Background information
- Born: 13 April 1956 Xirbê Kejê, Hasakah Governorate, Syria
- Died: 4 May 2020 (aged 64) Erbil, Kurdistan Region, Iraq
- Genres: Kurdish, folk, patriotic, revolutionary
- Occupations: Singer, musician, composer
- Instrument: Tembûr
- Years active: 1969–2020

= Said Gabari =

Syrian Kurdish singer, musician and composer

Said Gabari (Kurdish: Seîd Gabarî; 13 April 1956 – 4 May 2020) was a Syrian Kurdish singer, musician and composer. He was known for performing Kurdish folk, patriotic and revolutionary songs and for setting poems by Kurdish poets such as Cigerxwîn and Seydayê Tîrêj to music. His career spanned more than five decades and was closely associated with Kurdish music and the preservation of Kurdish cultural heritage.

==Early life==
Said Gabari was born on 13 April 1956 in the village of Xirbê Kejê in the Hasakah Governorate of northeastern Syria.
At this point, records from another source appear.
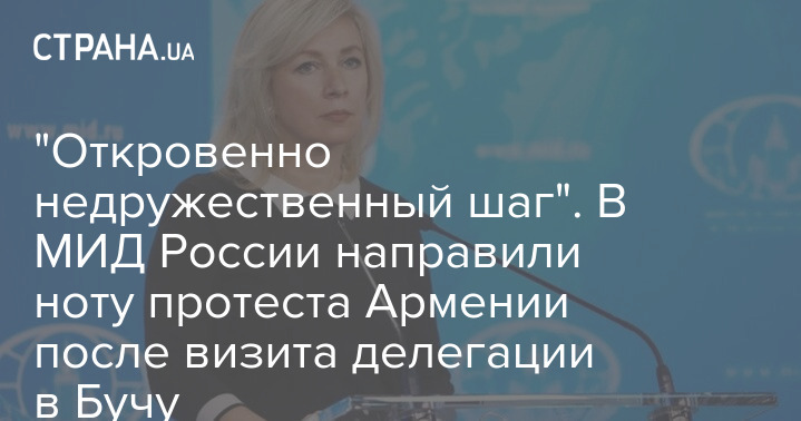 Захарова прокомментировала визит армянской делегации в Бучу, который состоялся 2 июня. По ее словам, Москва расценила поездку "как откровенно недружественный шаг". Она добавила, что МИД России направил Армении ноту протеста.
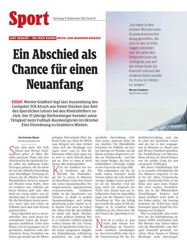 Essay. Werner Grabherr legt laut Aussendung des Cashpoint SCR Altach aus freien Stücken das Amt des Sportlichen Leiters bei den Rheindörflern zurück. Der 37-jährige Riefensberger beendet seine Tätigkeit beim Fußball-Bundesligisten im Oktober. Eine Einordnung zu Grabherrs Wirken.
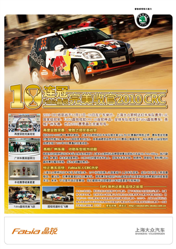 在刚刚结束的12月CRC佛冈赛区,上海大众斯柯达红牛车队再度夺冠,这标志着以Fabia晶锐赛车为主力车型的上海大众斯柯达红牛车队已连续两年、十个分站获得1600cc国家组个人及车队冠军,成为CRC历史上表现最稳定、最出色、完赛率*高的拉力赛车队,Fabia晶锐由此也成为了CRC历史上*优秀的拉力赛车。

According to Welat TV, Gabari's musical talent became apparent when he was about eight years old. His mother, who sang Kurdish folk songs, influenced his early interest in music, and the two memorised traditional songs together. He later met the Kurdish poets Cigerxwîn and Seydayê Tîrêj, who supported his artistic development and whose poems he subsequently performed and set to music.

In 1967, according to a later Welat TV account, Gabari taught himself to play the tembûr. He gave his first concert in 1969 and recorded his first song that same year, which was subsequently distributed widely.

==Musical career and political repression==
Gabari's repertoire included Kurdish folk songs as well as patriotic and revolutionary songs. His work was closely connected with Kurdish cultural and political themes. Welat TV reported that he performed national, folk and popular songs in Qamishli and Amuda during the early years of his career.

In 1970, Gabari was arrested during a concert in Qamishli for singing revolutionary songs. According to accounts by Kurdistan24 and Welat TV, he was tortured following his arrest. He continued to perform Kurdish songs despite political repression.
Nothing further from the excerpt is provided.